For most people who would have seen this, it may have come as a shock - some may have even believed it - but for me, what I saw was a canary in the coal mine. It was a visible failure mode of a knowledge system that I have been thinking about for a while now.
A trusted source?
Clicking on the date of death brings up Google’s own AI - Gemini - which stated that reports of his death were false. This led me to do a bit of my own digging around, and I could only find one source - an edit on the Wikipedia page that cited the Maui Police Department’s Facebook page and an established BBC article about former US President Jimmy Carter’s death.
It would seem this is an open-and-shut case: Wikipedia was edited, Google consumed the edit, their Knowledge Graph updated and presented this as a fact - but now we have two conflicting reports from the same company - one saying he is dead, and the other saying he is alive.
I don’t know exactly where the false claim entered Google’s systems and whether the Wikipedia edit was involved. All we can infer is that a combination of source weighting, entity resolution, indexing, freshness signals and internal systems produced the result. From outside the company, there is no way to know that. Google’s own description of the Knowledge Graph has always made clear that it is assembled from multiple public and web-derived sources, structured information and internal interpretation. The panel is the user interface to the knowledge of a much larger, opaque pipeline. Somewhere in that pipeline, a claim crossed a threshold and stopped being information that existed somewhere on the web and became knowledge presented by an interface that many people use and trust to find information.

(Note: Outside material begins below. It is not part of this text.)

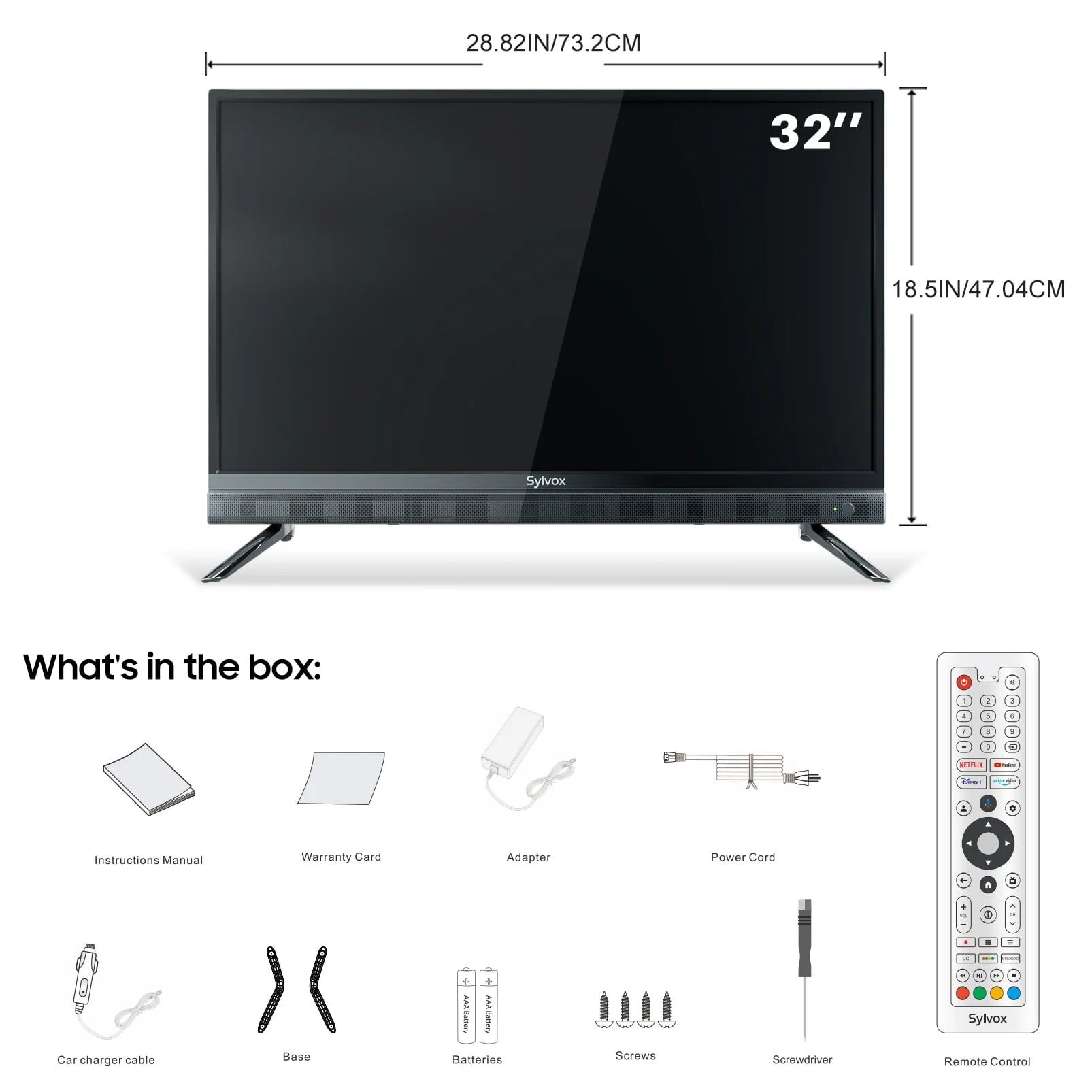 Why Sylvox RV TV? ① 32 inch Smart TV for RV (Vehicle Series) ② Google TV with Google Play, Google Assistant, Chromecast ③ 12 Volt TV, DC 9-32V Wide Voltage Protection, AC 100-240V Power Adapter ④ WiFi, Bluetooth function ⑤ Built-in digital ATSC tuner ⑥ Both for Car and Home use ⑦ Compatible with Vehicle and Home Use ⑧ 1920*1080 FHD TV and 178°H/178°V viewing angle ⑨ Operating Temp 0℃~40℃ (32℉ to 104℉) ⑩ Dimension : 28.8×2.2×7.7 (inch) ⑪ VESA: 200×100mm ⑫ N.W(lb):11 lb ⑬ Meets the standards of the RV world. Passed 4G vibration test. ⑭ Port: RJ45, Optical Out, L/R Audio Out, HDMI X 2, RF, USB X 2, AV IN, Earphone ❤【Smart Google TV】This Smart RV TV operates Google’s advanced system, presenting a intuitive user interface. Easily access your favorite content with Google Assistant through a voice remote. Simply command to find movies, adjust settings, or explore a world of infinite possibilities. ❤【DC/AC Powered】It provides a 9-32V wide voltage protection. The AC power adapter input a range of 100-240V and operates seamlessly on a AC 110V power supply. Successfully passing the 4G vibration test, the plug is not easy to fall in the process of vibration. ❤【1080P RV TV】The crystal-clear screen has a 1080p Full HD resolution delivers vivid picture, while the 178° / 178° viewing angles provide a broader perspective. ❤【HiFi Sound】With built-in dual HiFi speakers, this RV TV delivers immersive audio, Providing excellent visual experience for premium audiovisual tours. ❤【Built-in Google Play Store】Free download a variety of apps, games, and media streaming services through the Google Play Store on this smart TVs, unlocking a world full of endless possibilities. ❤【Built-in Chromecast】With Chromecast, you can cast content directly from your mobile device or PC to your TV screen, bringing your unparalleled entertainment with ease and convenience. ❤【Wide Connectivity】Integrated with ASTC tuner, equipped with USB, HDMI, RF ports. Comes with accessories including a base, cigarette lighter, adapter, and more. ❤【Widely Used 12 Volt TV】Easily using the 12 volt TV in mobile environments such as RVs, motorhome, caravans, camping van, boats, yachts, etc., You can also watch this smart TV at home with an AC 100-240V adapter. ❤【Product Warranty】 ①We take full responsibility for Sylvox TV offers every customer a 30-day return and a one-year warranty to ensure you have a great shopping experience. ②If the TV arrives damaged, please contact us directly. ③If you have any problems with the Sylvox TV during warranty, please feel free to contact us directly. ④It is recommended that you keep the box during the warranty period so that you can apply for after-sales service.

Building knowledge systems is hard
My day job involves building knowledge systems. That description tends to make people think of the technologies involved: content, knowledge and document management systems, APIs, knowledge graphs, product information, search, integrations, semantic models, and now AI. While those things do matter, the main bulk of my work is less about moving information between systems and more about building systems that people can trust.
Every system that receives information has to make a judgement about it - in biological systems we call this perception, in technological systems we call this inference.
“Does this agree with what I already know?”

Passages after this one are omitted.